* [Task statement]: Leave out every picture, and output exactly the lines from the line containing "在该案中,设计追求商业形象和" through the last line of the data.

* [Exercise data]:
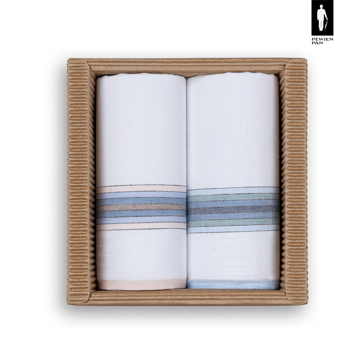 - Zestaw dwóch eleganckich chusteczek w paski – delikatny róż i klasyczny błękit.
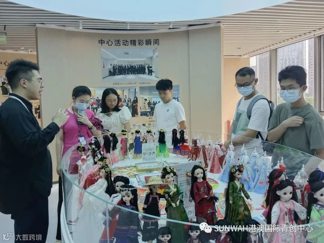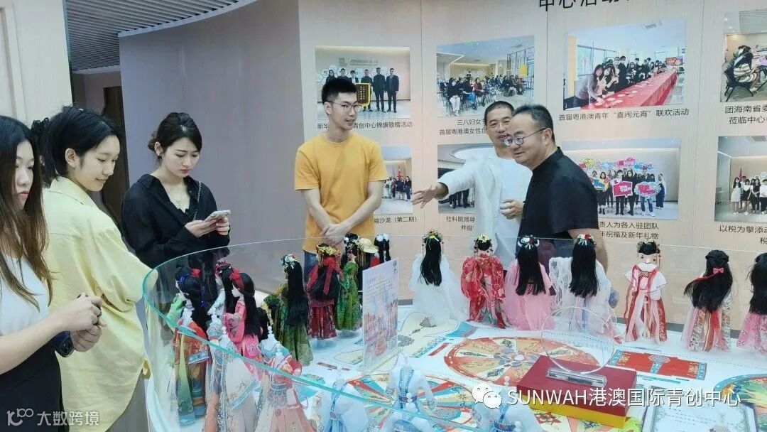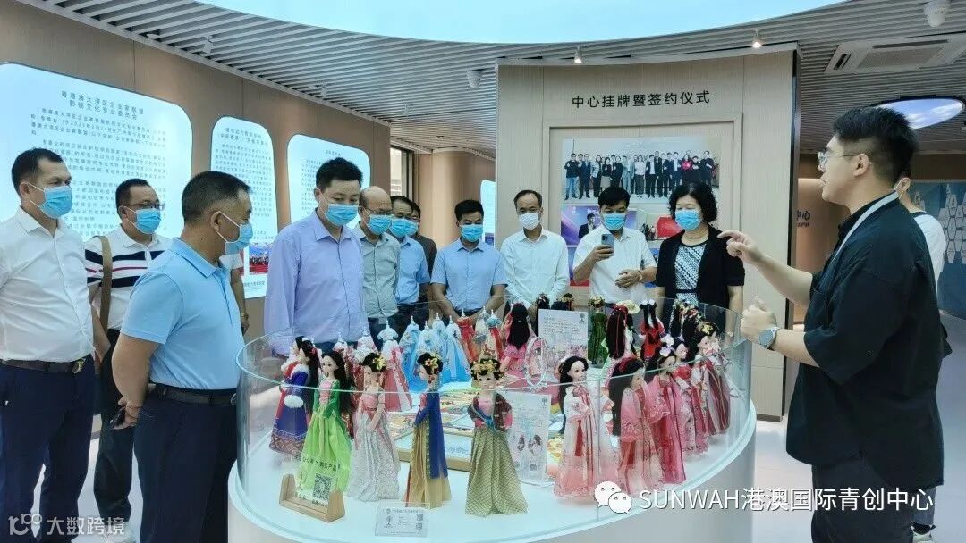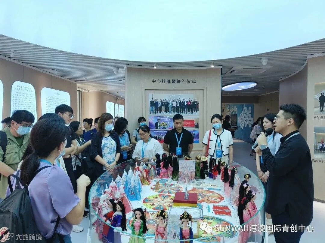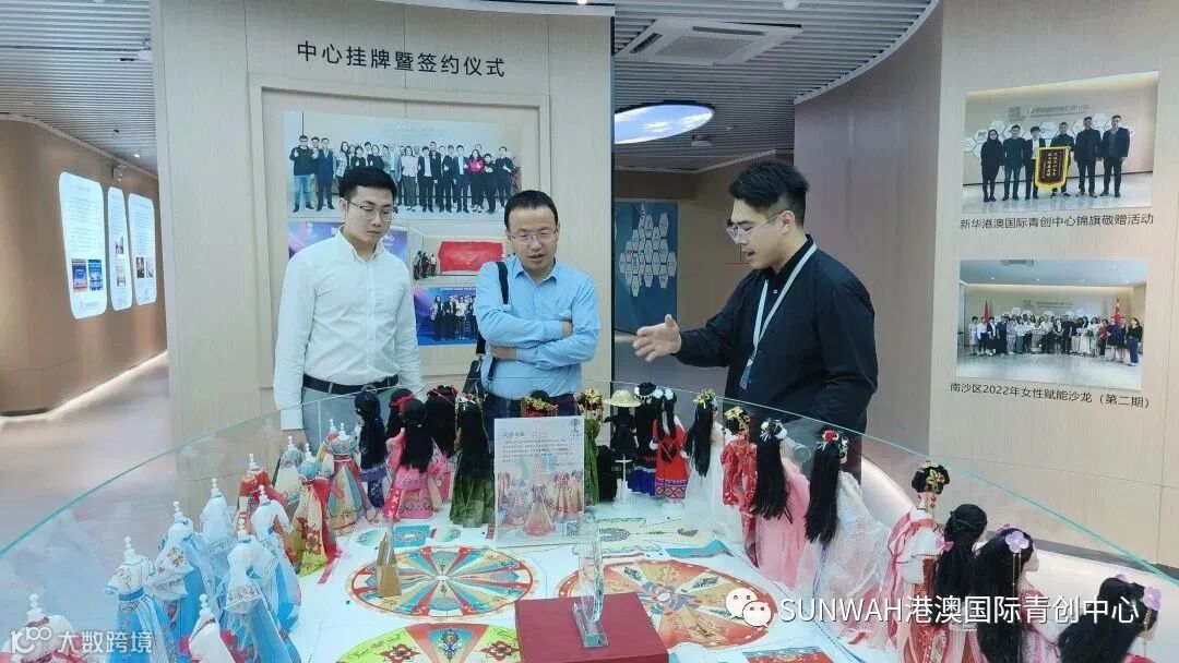 香云纱基地负责人一行到访中心参观交流,在中心工作人员的陪同下参观展厅并与入驻青创团队——广州柏晶文化传播有限公司创始人李柏亨先生进行深入交流。双方合作推出的“香云纱国潮娃娃”造型靓丽,以娃娃为载体的香云纱服饰设计恰到好处,能很好地传承非遗文化及弘扬优秀中华传统文化。
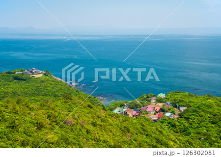 日本 三重県鳥羽市のパールロード沿いにある鳥羽展望台から見える太平洋と海女のテラス
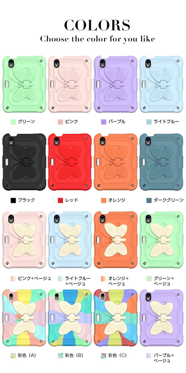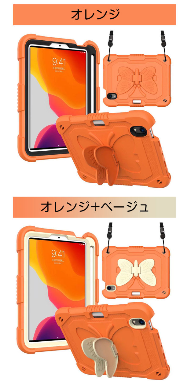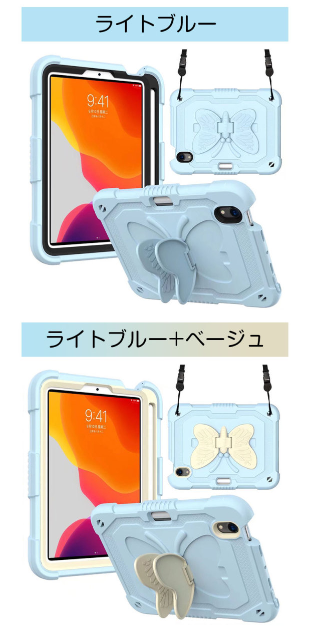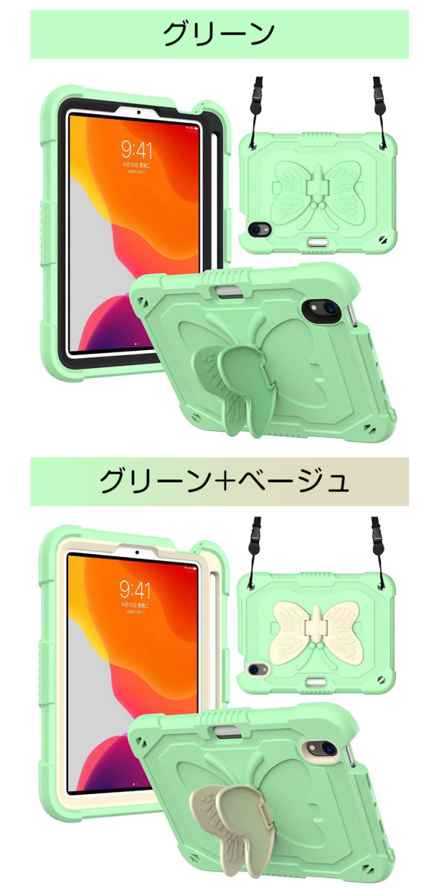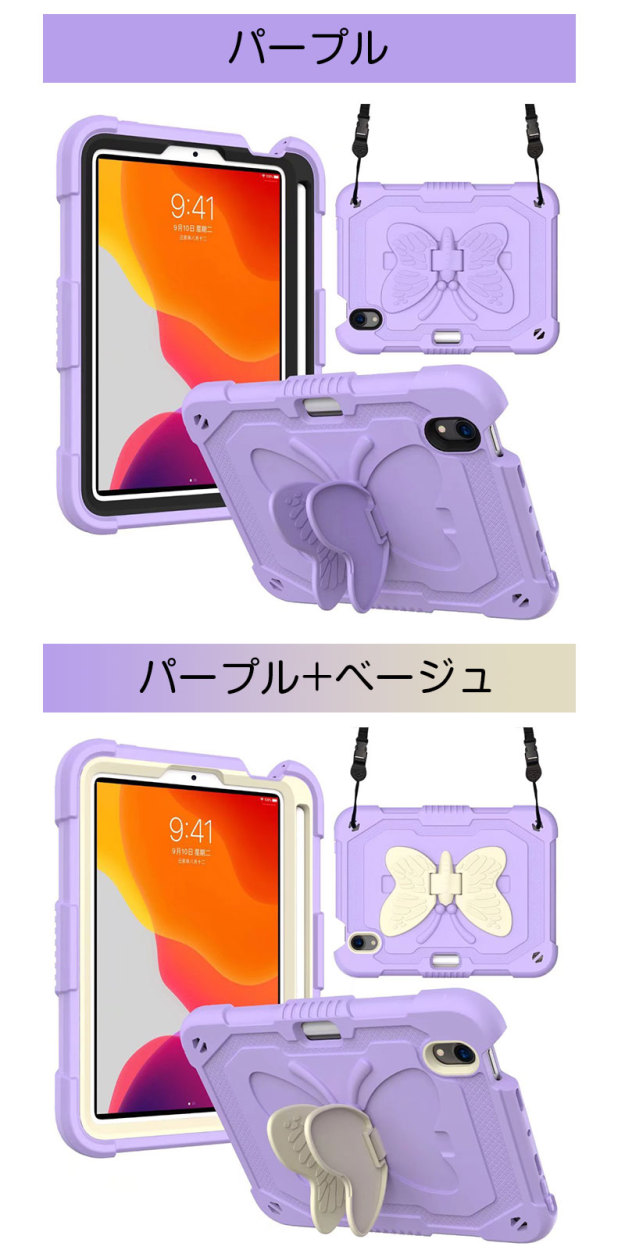 アイパッドケース iPad mini 第6世代ケース 蝶柄 キズ防止 iPad mini6カバー ストラップ アイパッドミニ第6世代ケース 二重構造 iPadミニ6ケース 衝撃吸収
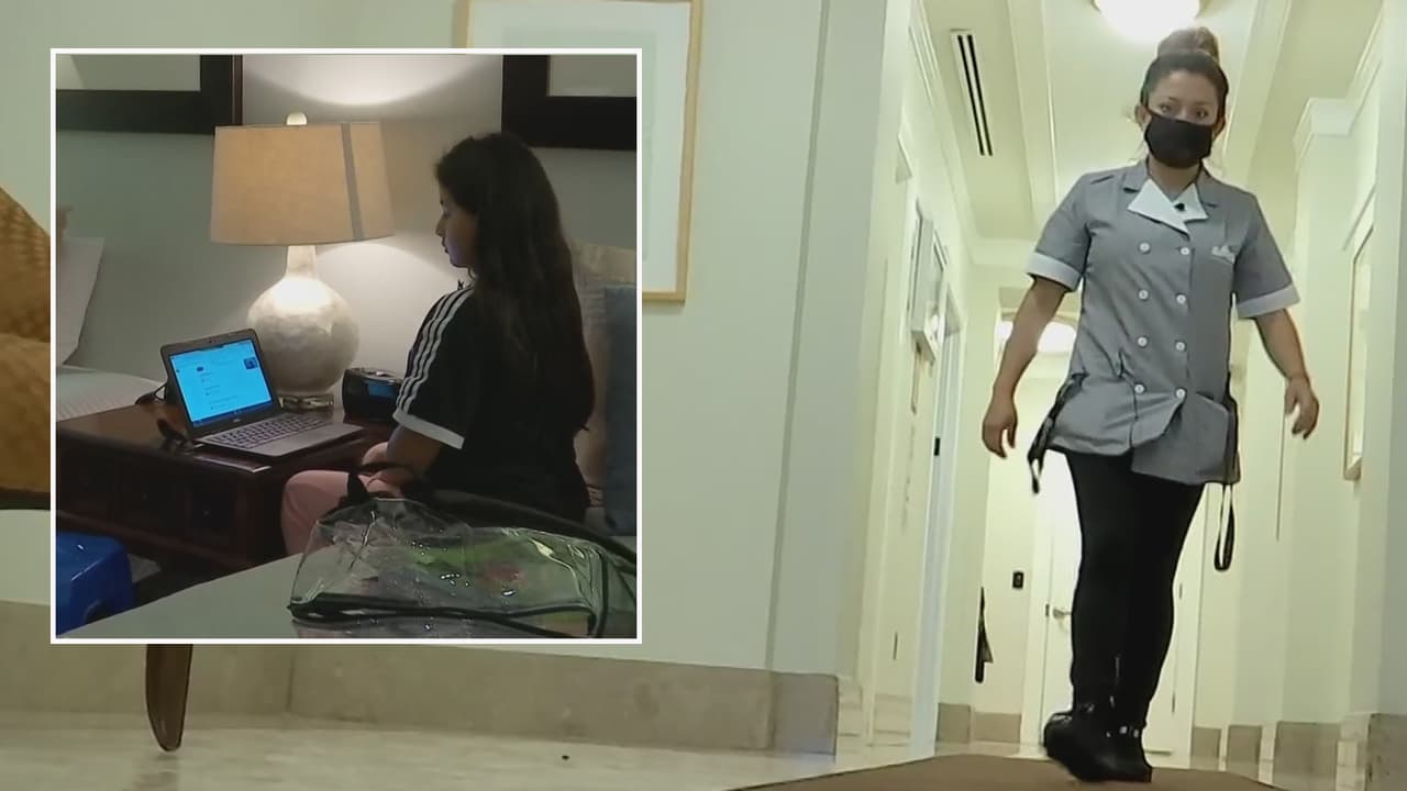 Denisse batalla para despertarse temprano. Su madre, Rocío Pineda, no cuenta con la ayuda de alguien que pueda cuidar de su pequeña mientras toma sus clases virtuales, así que las dos salen muy temprano de casa todos los días para cumplir con sus respectivas responsabilidades desde el sitio de trabajo de la madre hispana, a quien sí apoya su jefe para llevar cada día a su hija.
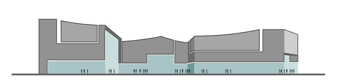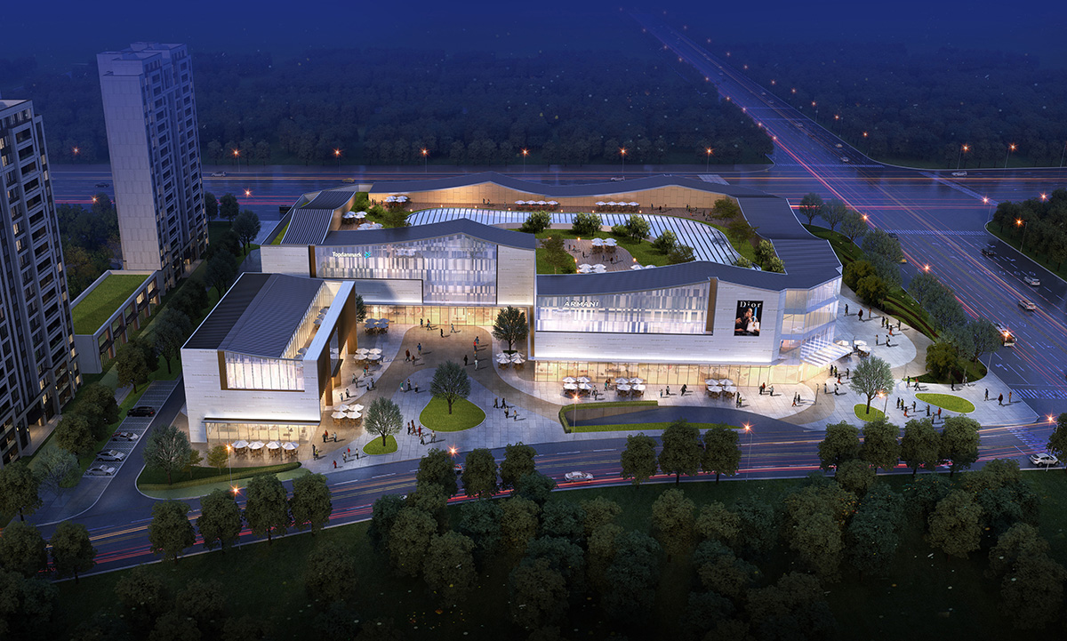 在该案中,设计追求商业形象和城市文脉的统一,以营造一个充满城市精神的活力场所。建筑通过大的虚实对比明确体量间的尺度关系,以首尾相接的弧线屋顶演绎传统苏式建筑文脉,塑造如太湖波浪般起伏的沿街立面形象。
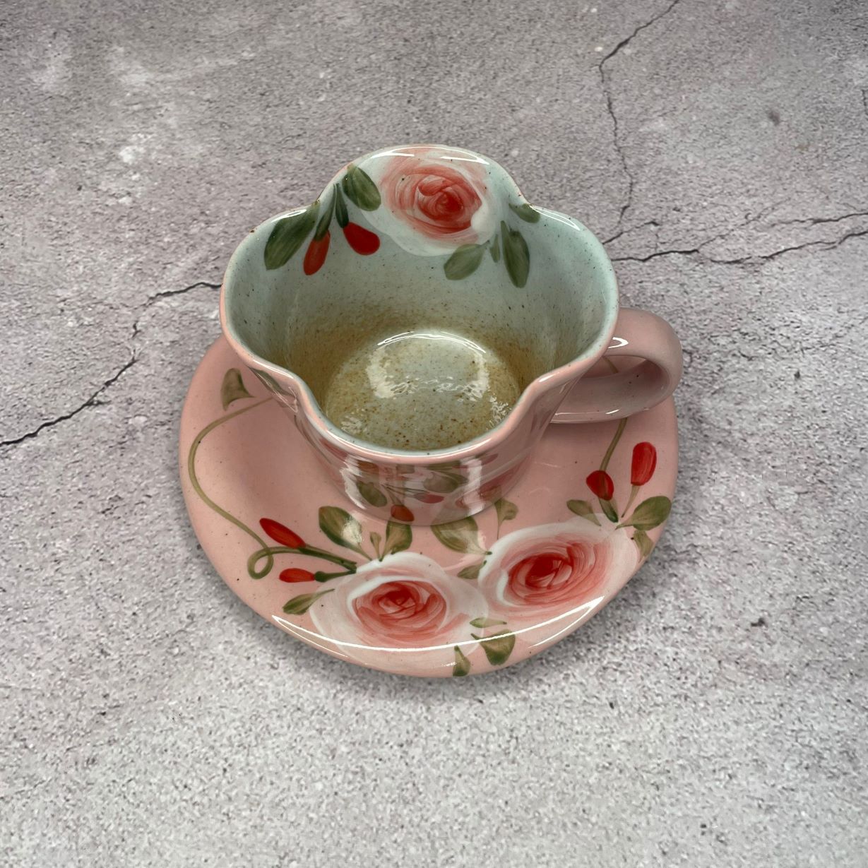 A desert rose teacup and saucer set

* [Result of the exercise]:
 在该案中,设计追求商业形象和城市文脉的统一,以营造一个充满城市精神的活力场所。建筑通过大的虚实对比明确体量间的尺度关系,以首尾相接的弧线屋顶演绎传统苏式建筑文脉,塑造如太湖波浪般起伏的沿街立面形象。
 A desert rose teacup and saucer set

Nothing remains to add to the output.